Abstract

Coordination unsaturated metal nodes in metal-organic frameworks (MOFs) work as photocatalytic active sites in H2O2 production, but over-exposed metal nodes also act as decomposing sites towards the photogenerated H2O2, resulting in low net yield. Herein, fine-tuning of metal nodes accessibility in MOFs was applied for boosting net photocatalytic H2O2 production. The accessibility of the nodes was fine-tuning through varying the feeding amount of benzoic acid (BA) during synthesis, treated MOFs with HCl, re-installed with variable BA, etc. The correlation between nodes accessibility and H2O2 production was systematically investigated, which demonstrates that the NH2-UiO-66-XBA with higher compensated BA possessing large steric effect at nodes would hinder the decomposition of photogenerated H2O2, thus promoting the net H2O2 yield.

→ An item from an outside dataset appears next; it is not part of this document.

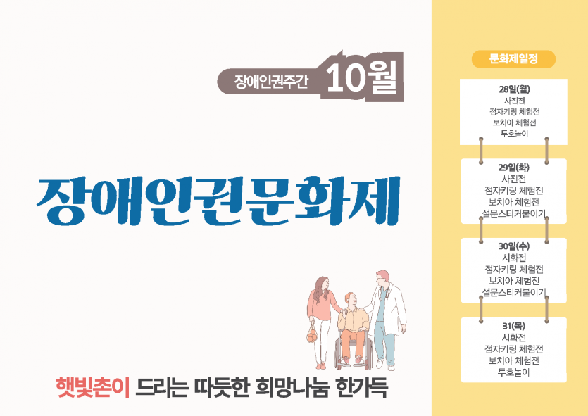 일별행사 : 10월 28(월) - 사진전, 점자키링체험전, 보치아체험전, 투호놀이

As a contrary, NH2-UiO-66-HCl without BA showed a distinctive decomposition rate of H2O2, resulting in a low net H2O2 production yield. The re-installed NH2-UiO-66-ReBA10 with compensated BA showed a recovered H2O2 production yield. A combination of O2 sorption isothermals, PL spectra, ESR spin-trap plots, and Koutecky-Levich plots disclosed that O2 was enriched by the framework and then reduced at the metal nodes mainly through two-electron pathway, especially for highly compensated MOFs. This strategy had been applied to other MOFs for boosting the H2O2 production like NU-1401 and PCN-222. This work reveals the fine-tuning of metal nodes accessibility in MOFs is an effective way for boosting H2O2 production.